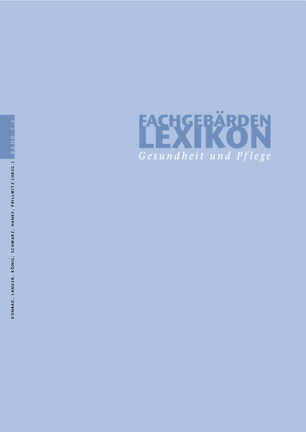 Fachgebärdenlexikon Gesundheit und PflegeDas Fachgebärdenlexikon Gesundheit und Pflege bietet für über 1000 Fachbegriffe, die in den verschiedenen Gesundheits- und Pflegeberufen grundlegend sind, Übersetzungen in die Deutsche Gebärdensprache (DGS) und stellt damit einen wichtigen Beitrag zur Förderung der beruflichen Bildung Hörgeschädigter dar. Neben Ausbildungsinhalten wurden bei der Auswahl der Fachbegriffe die Bedürfnisse von Gehörlosen und Gebärdensprachdolmetschern berücksichtigt, um zu einem besseren Verständnis Gehörloser für gesundheitliche Zusammenhänge und zu einer gelingenden Arzt-Patient-Kommunikation beizutragen. Konrad, Reiner und Gabriele Langer, Susanne König, Arvid Schwarz, Thomas Hanke, Siegmund Prillwitz: Fachgebärdenlexikon Gesundheit und Pflege. Geb. / Hardcover, 2 Bde., 1556 Seiten, Signum 2007, ISBN 978-3-936675-23-8. EUR 55,00 Beachten Sie ergänzend hierzu: Konrad, Reiner und Gabriele Langer, Susanne König, Arvid Schwarz, Thomas Hanke, Siegmund Prillwitz (Hrsg.): Fachgebärdenlexikon Gesundheit und Pflege. DVD-Video. ISBN 978-3-936675-25-2. EUR 19,50 Konrad, Reiner und Gabriele Langer, Susanne König, Arvid Schwarz, Thomas Hanke, Siegmund Prillwitz (Hrsg.): Fachgebärdenlexikon Gesundheit und Pflege. DVD-ROM. ISBN 978-3-936675-24-5. EUR 24,50 |
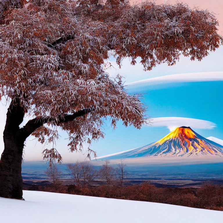 Winter scene: Snow-covered tree and frosty branches with distant mountain peak at dawn
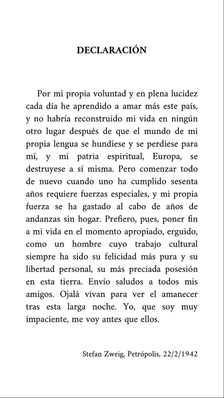Os dejo con la nota de suicidio que dejó Zweig para la posteridad.
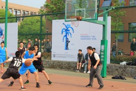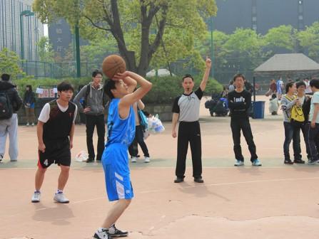 4月21日下午2:50分,在篮球场上演了最后一场男篮小组赛的较量——公管对阵高分子。最终,我院男篮以45:24轻取高分子。
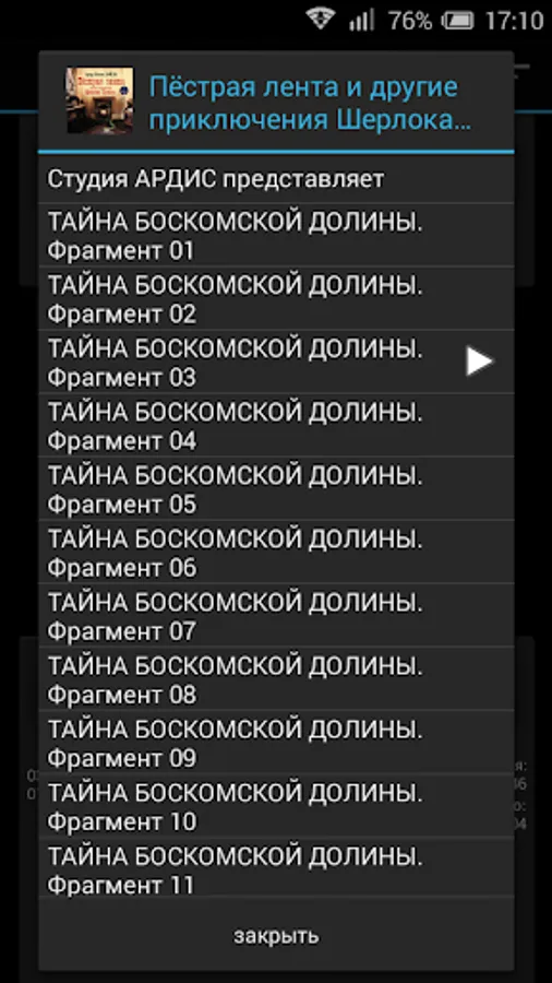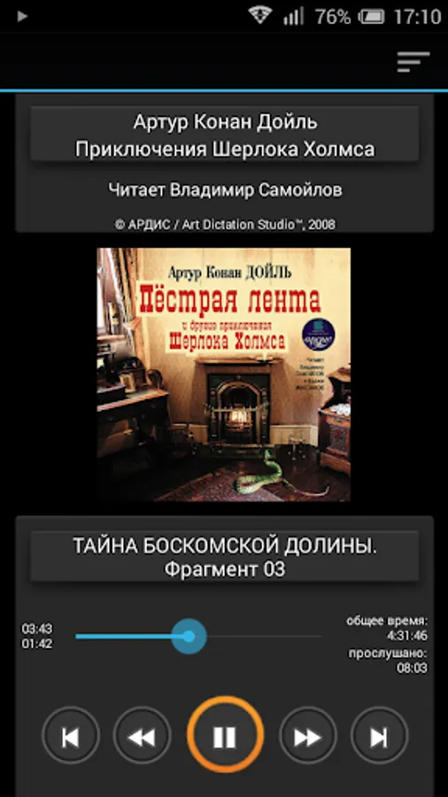 In the audio book includes stories from the book "The Adventures of Sherlock Holmes":
----------------
■ PROBLEM TO WORK ON ■
Your copy should hold only the lines from the one containing "Winter scene: Snow-covered" through the last line of the listing, both included, retyped exactly and free of pictures.

■ TASK RESPONSE ■
 Winter scene: Snow-covered tree and frosty branches with distant mountain peak at dawn
Os dejo con la nota de suicidio que dejó Zweig para la posteridad.
 4月21日下午2:50分,在篮球场上演了最后一场男篮小组赛的较量——公管对阵高分子。最终,我院男篮以45:24轻取高分子。
 In the audio book includes stories from the book "The Adventures of Sherlock Holmes":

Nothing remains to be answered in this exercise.